La Sachamama est un esprit féminin de la tradition quechua de l’Amazonie péruvienne.
L’antique boa géante se tient camouflée comme un tronc d’arbre. Le récit décrit ce serpent moussu comme une figure ancienne de la jungle amazonienne.
Sachamama, la mère de la forêt, est une boa gigantesque et antique de l’Amazonie péruvienne. Immobile et recouverte de mousse et de lianes, elle repose comme un tronc d’arbre abattu et attire, par son emprise, les animaux et les humains qui n’y prêtent pas attention, afin de les engloutir. Elle est un esprit protecteur et l’incarnation de la forêt vierge.
Elle est transmise oralement dans les communautés indigènes-métisses, dans le cadre d’un système d’êtres mama, qui agissent comme des esprits protecteurs de la nature. La Sachamama apparaît le plus souvent en compagnie de la Yacumama, la mère de l’eau.
Type : esprit protecteur de la forêt et puissance naturelle personnifiée sous forme de serpent
Origine : tradition orale des communautés indigènes-métisses de l’Amazonie péruvienne
Textes : recueils de légendes modernes, littérature chamanologique (Luna, Gow)
Période : transmise oralement jusqu’à aujourd’hui
Apparence : boa gigantesque et antique, recouverte de mousse, de racines et de terre
Tradition orale, mise par écrit seulement dans des recueils de légendes modernes ; il n’existe pas d’histoire textuelle plus ancienne.
L’Amazonie péruvienne, en particulier Loreto, Ucayali, San Martín et Madre de Dios.
Très mince et le plus souvent en compagnie de la Yacumama ; il manque une monographie académique spécifiquement consacrée à la Sachamama, et des détails comme les indications de taille proviennent de sources populaires.
Quechua : de sacha, forêt ou sauvage, et mama, mère, donc mère de la forêt. Cet élément du nom, mama, la relie au système des êtres mama, considérés comme des esprits protecteurs de la nature.
Apparence
La Sachamama est une boa gigantesque et antique, dont le corps est recouvert de mousse, de racines et de terre. Son camouflage en tronc d’arbre moussu ou en tumulus est essentiel : ce qui ressemble à du sol peut être une peau de serpent.
Action
La Sachamama est une chasseuse d’embuscade passive : immobile et camouflée, elle aspire ses proies, les engloutit et ne se déplace presque jamais. En tant que gardienne, elle maintient l’équilibre de la forêt ; quiconque la dérange est puni, que ce soit par engloutissement, maladie ou tempête, qui lui est parfois attribuée.
Les aspects principaux de la mère de la forêt en un coup d’œil.
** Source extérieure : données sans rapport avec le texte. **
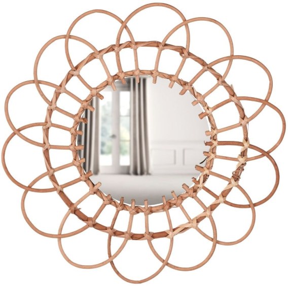 Lustro w plecionej, wiklinowej ramie do powieszenia na ścianie. Pięknie będzie się prezentować w pomieszczeniach w stylu Boho.

Elle fait partie du système des êtres mama en tant qu’esprits protecteurs de la nature ; dans le contexte chamanique, de grands serpents apparaissent lors des rituels d’ayahuasca comme des êtres spirituels centraux.
Les animaux et les humains qui s’approchent sans le savoir : son emprise attire ceux qui croient marcher sur un sol ferme.
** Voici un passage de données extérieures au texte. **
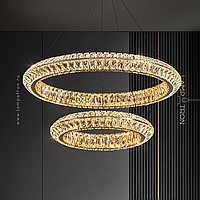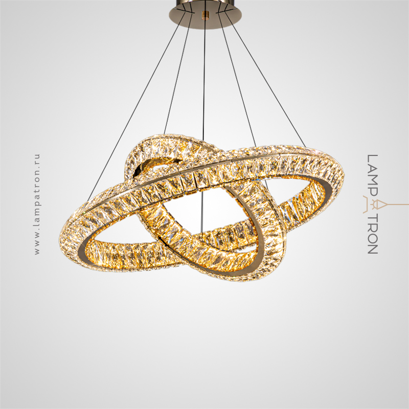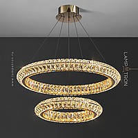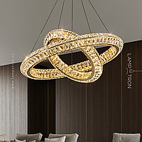 LED chandelier in the form of a combination of two three-dimensional rings made of rectangular crystal stones
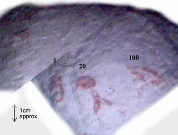 Δεδομένου τα κείμενα απουσιάζουν από τους τοίχους του μνημείου- όπως και σε όλες τις πυραμίδες της 4ης Δυναστείας – , ότι δεν έχει δοθεί επαρκής εξήγηση για τον χαρακτήρα των τομών που ξεκινούν από τους δύο θαλάμους του καθώς και ότι οι δύο τομές του Θαλάμου της Βασίλισσας καταλήγουν σε αδιέξοδο στο εσωτερικό του όγκου της πυραμίδας, τα σημεία αποτέλεσαν από την αρχή αντικείμενο έρευνας των επιστημόνων αλλά και των απανταχού «πυραμιδολόγων». Την αρχή έκανε ο Luca Miatello, ανεξάρτητος επιστήμονας ειδικός στα αρχαία αιγυπτιακά μαθηματικά, ο οποίος βλέπει στα σύμβολα αριθμούς σε ιερατική γραφή. Από δεξιά προς τα αριστερά λοιπόν, ο δρ. Miatello διαβάζει τα σύμβολα 100, 20 και 1, που αποδίδουν τον αριθμό 121. Στον αριθμό αυτό βλέπει την απόδοση του μήκους της τομής που θα έφτανε τους 121 βασιλικούς πήχεις (αγγλ. cubits, αιγ. “meh”), ενώ στηρίζει την άποψη αυτή με βάση παλαιότερη διαπίστωσή του ότι στα σχέδια της Μεγάλης Πυραμίδας απαντούν πολλαπλάσια του 7, του 9 και του 11 σε πήχεις. Επιφανείς ερευνητές, μεταξύ των οποίων ο James P. Allen (Πανεπιστήμιο Brown), επιδοκιμάζουν την παρατήρηση του Miatello ενώ και ο Zahi Hawass υποστηρίζει ότι τα σύμβολα είναι είτε αριθμοί είτε χαρακτηριστικά «τεκτονικά σημεία», τα οποία οι χτίστες χρησιμοποιούσαν κατά την κατασκευή των μνημείων για να επισημαίνουν τρόπο, σημείο ή σειρά τοποθέτησης δόμων. Εξυπηρετούσαν δηλαδή πρακτικούς σκοπούς και δεν είχαν καμία μεταφυσική χροιά.

Boa gigantesque et antique, recouverte de mousse, de racines et de terre, immobile comme un tronc d’arbre abattu.
L’équilibre de la forêt, la fertilité et le cycle de la vie et de la mort ; en tant qu’instance punitive, l’engloutissement, la maladie ou la tempête.
Règles de conduite des curanderos : ne pas fouler un tumulus étrange, ne pas abattre un arbre sur une hauteur sans raison apparente, demander l’autorisation et offrir des présents.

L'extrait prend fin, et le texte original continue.